━━ DATA SUPPLIED
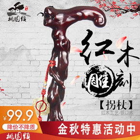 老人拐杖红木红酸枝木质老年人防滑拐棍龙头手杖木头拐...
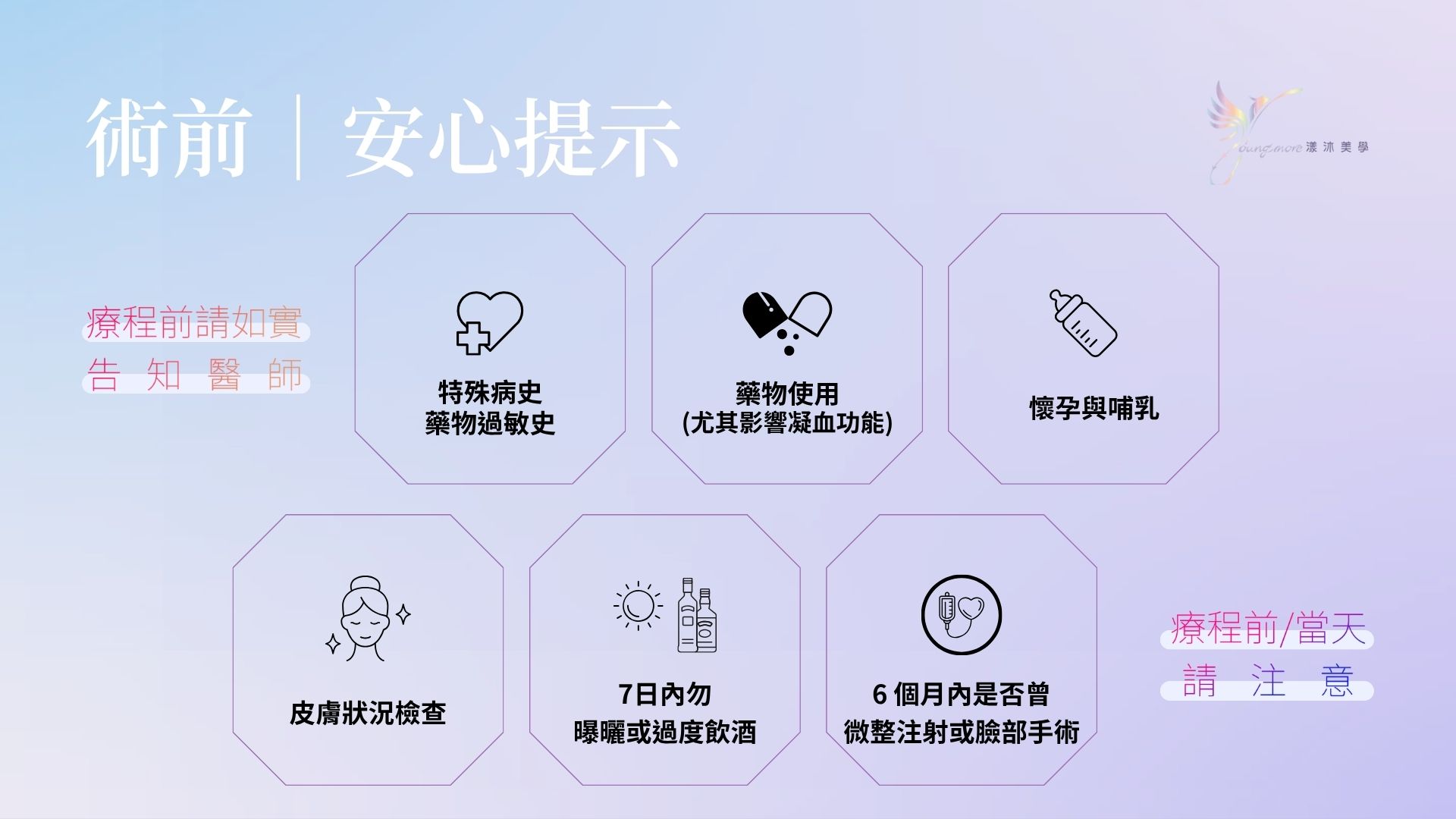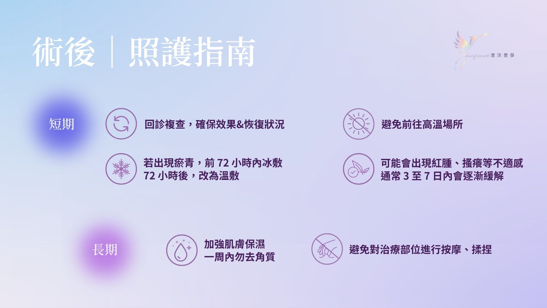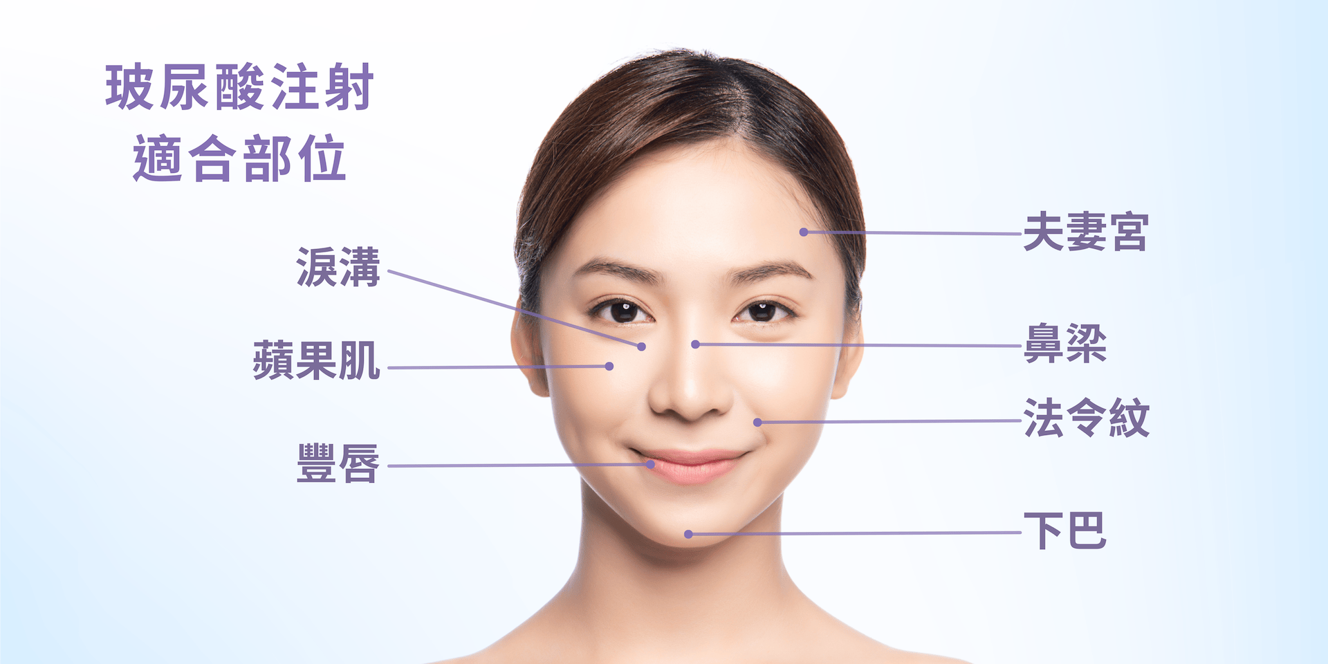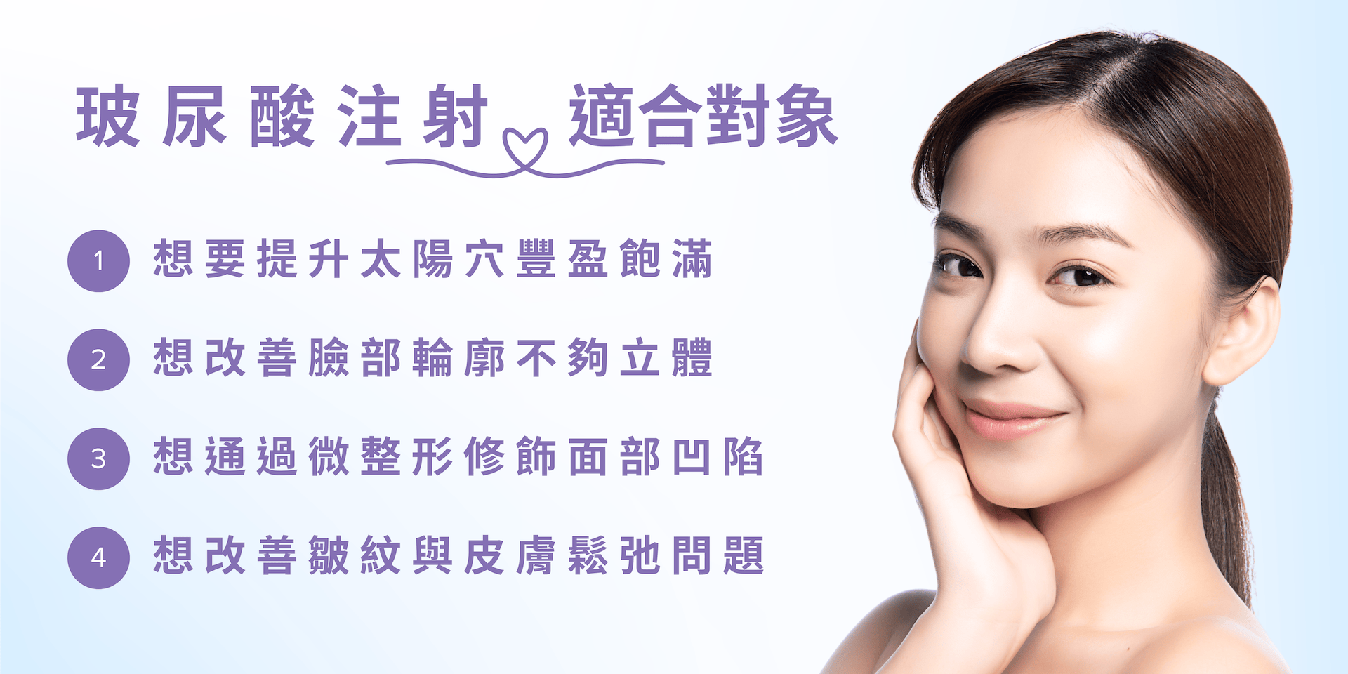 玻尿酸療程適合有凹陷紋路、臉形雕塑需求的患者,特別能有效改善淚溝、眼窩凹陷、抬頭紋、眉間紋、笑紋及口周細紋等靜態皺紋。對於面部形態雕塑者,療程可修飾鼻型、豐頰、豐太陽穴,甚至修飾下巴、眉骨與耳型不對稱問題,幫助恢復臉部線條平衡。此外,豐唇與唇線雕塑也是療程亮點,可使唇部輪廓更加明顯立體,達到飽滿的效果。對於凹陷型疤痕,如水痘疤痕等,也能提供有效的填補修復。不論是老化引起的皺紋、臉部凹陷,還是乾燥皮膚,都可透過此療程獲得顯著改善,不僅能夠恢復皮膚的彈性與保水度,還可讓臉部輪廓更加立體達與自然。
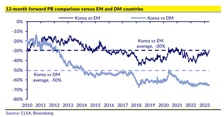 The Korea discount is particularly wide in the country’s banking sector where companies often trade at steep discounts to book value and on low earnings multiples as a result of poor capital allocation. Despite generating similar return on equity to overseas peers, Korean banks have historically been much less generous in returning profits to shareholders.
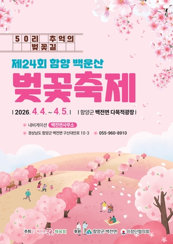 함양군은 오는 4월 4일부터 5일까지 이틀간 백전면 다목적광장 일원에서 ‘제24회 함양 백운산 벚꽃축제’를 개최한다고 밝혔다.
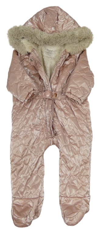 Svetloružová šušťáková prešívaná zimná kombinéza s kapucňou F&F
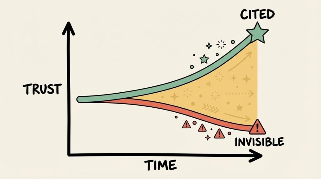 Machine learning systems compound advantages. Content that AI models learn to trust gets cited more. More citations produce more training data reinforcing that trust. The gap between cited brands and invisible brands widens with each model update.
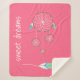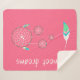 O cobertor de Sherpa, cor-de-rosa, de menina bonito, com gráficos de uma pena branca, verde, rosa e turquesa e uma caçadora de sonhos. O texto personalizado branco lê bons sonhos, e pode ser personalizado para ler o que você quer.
━━━━
● **ACTION ITEM**:
Copy exactly the lines from the line that has "Machine learning systems" through the last line of the entries above, inclusive, and no others. Pictures do not go in the copy.

● **RESULT FOR THIS EXERCISE**:
 Machine learning systems compound advantages. Content that AI models learn to trust gets cited more. More citations produce more training data reinforcing that trust. The gap between cited brands and invisible brands widens with each model update.
 O cobertor de Sherpa, cor-de-rosa, de menina bonito, com gráficos de uma pena branca, verde, rosa e turquesa e uma caçadora de sonhos. O texto personalizado branco lê bons sonhos, e pode ser personalizado para ler o que você quer.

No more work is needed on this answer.